By Jeffrey Garcia and Adhista Chapagain

In today’s data-driven world, organizations are increasingly relying on real-time and big data analytics to make informed decisions. As they collect and analyze growing amounts of real-time and historical data, the importance of data retention becomes evident. In this blog, we will explore the key aspects of data retention in ArcGIS Velocity, including the settings available for data retention, how long to keep data for, and how to ingest data from a feature layer archive.

What is data retention?

This parameter allows you to specify how long you want the data to be actively maintained in the feature layer. For example, if you have a live feed of vehicle positions and you want to store the historical tracks in a feature layer, you can set the data retention policy to maintain a history of vehicle positions for a set time period. Data retention gives you a way to have more control over your data by keeping it relevant and at a manageable size.

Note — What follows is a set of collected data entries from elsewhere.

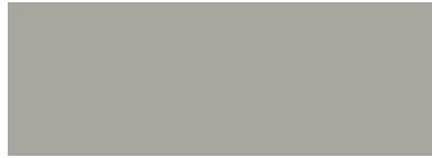
Light Gray LF04
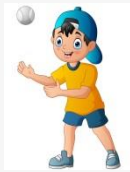
Catching a ball
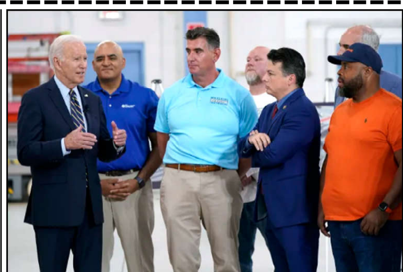
President Joe Biden speaks at the Philadelphia International Airport in Philadelphia after an aerial tour of the Interstate 95 highway collapse.

ing threats of retaliation from Russia. German Leopard 2 tanks, British Challenger 2 tanks and American Bradley and Stryker vehicles are among the Western equipment that has been sent to Ukraine. In late April, NATO Secretary-General Jens Stoltenberg said that NATO allies and partners had delivered more than 1,500 vehicles and 230 tanks to the country. During his speech in St. Petersburg, Putin said Russia had destroyed tanks "including Leopards" at the front lines.
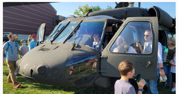
Army Expo 24 visitors explore a Pennsylvania Army National Guard UH-60 Blackhawk.

Planning for our fan-favorite event, Army Expo 2025, is well underway in planning. We seek to build on the success of the 2024 event, when more than 7,000 guests were able to experience Army history, including Golden Knights parachuting into USAHEC. As part of the event, over 300 reenactors filled the Army Heritage Trail and were joined by a wide array of active duty, Army Reserve, and Pennsylvania Army National Guard assets. Army Expo 2025 is scheduled for September 13 and 14 and promises to be bigger and better than ever.

Why is data retention necessary on a feature layer?

Consider a transportation company that utilizes a feature layer to track vehicle locations in real-time. Over months of operation, this layer may accumulate hundreds of thousands of records, including historical locations for each vehicle. The feature layer may experience performance reductions as data accumulates, such as slower response time and decreased query speed. To address this, Velocity offers flexible storage solutions, with layers supporting up to one year of storage within your specified limits. This accumulation of data not only complicates data handling but makes it challenging to visualize insights.

Implementing data retention can directly address this challenge by allowing users to define a period of time to retain data in a feature layer. By removal of older, less relevant data, organizations can ensure that their feature layers remain streamlined and focused, thus enhancing performance while still retaining essential historical information for analysis.

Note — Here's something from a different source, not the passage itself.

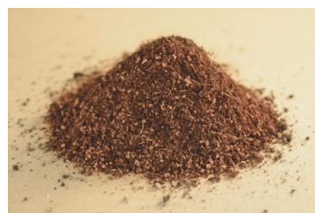
Illustration 6: Limonta Sport Geoplus

Only two fields with GeoPlus infill are established in Norway, one of which is located in Etne Municipality in the southwest of Norway. The field was established in 2014 in order to avoid negative effects of rubber infill 174 . The infill has been supplemented two or three times since the establishment in 2014 with varying amounts of added infill. The maintaining procedures have been corrected in cooperation with the supplier and the field is now raked with a tractor three times a week. Compared to the artificial turf fields with sand infill 175 , where maintenance has been done manually, this process is more resource efficient 176 .

What is data retention not intended for?

Data retention is not intended to limit or filter features to specific time frames. For example, you want a feature layer to show the vehicle positions from the last hour for the most current view of your fleet. Even if you set the data retention period to one hour, vehicle position records may still be retained for two to three hours because the data removal process operates on a periodic schedule. If you need filter data from specific time periods, you must use alternative methods, such as queries in client applications.

How do I configure data retention in a feature layer?

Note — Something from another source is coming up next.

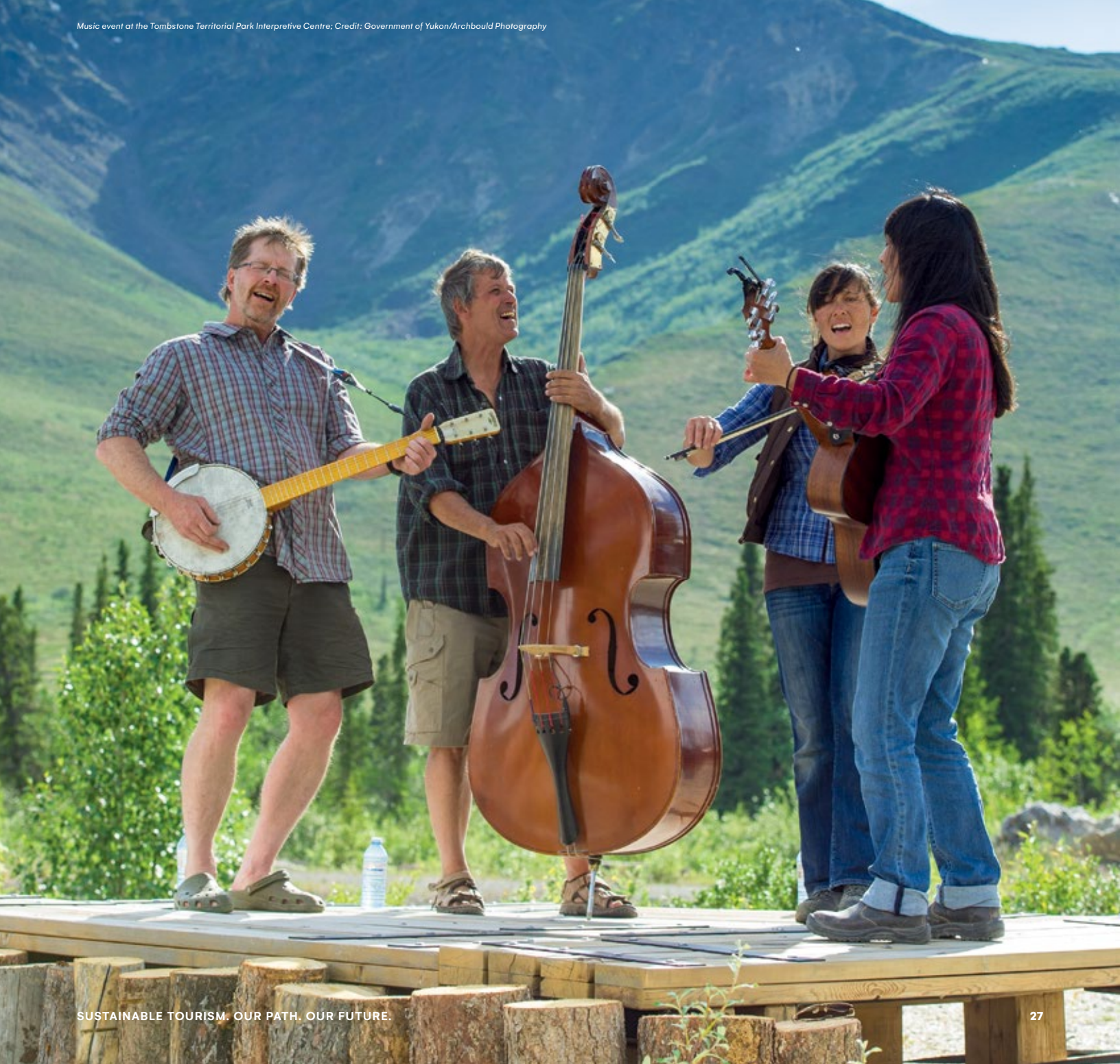
Music event at the Tombstone Territorial Park Interpretive Centre

Develop and leverage opportunities to encourage resident travel within the territory.

Real-time or big data analytics can write data to a feature layer output, which can be configured with data retention. To create a feature layer output, create or open an existing real-time or big data analytic. Then select Outputs > Feature Layer (new) on the left pane within the editor.

Note- You cannot configure data retention in existing feature layers. You will not be presented with data retention options if you add the output labeled Feature Layer (existing).

You can configure data retention when adding the Feature Layer (new) output to a real-time or big data analytic.
The default configuration of a feature layer output in a real-time or big data analytic.
The default configuration of a feature layer output in a real-time or big data analytic.

In the feature layer configuration window, there is a parameter labeled Data retention (time period for retaining data). This parameter is only visible if Store data in a spatiotemporal feature layer is enabled, and under Each time the analytic starts, Keep existing features and schema is selected. These parameters are selected by default. The data retention parameter is required when Keep existing features and schema is selected because once the analytic publishes the feature layer, it will and may indefinitely grow over time.

Note- If you disable Store data in a spatiotemporal feature layer, the analytic will create an ArcGIS Online hosted feature layer, which is incompatible with data retention. Therefore, disabling this will cause the data retention parameter to disappear.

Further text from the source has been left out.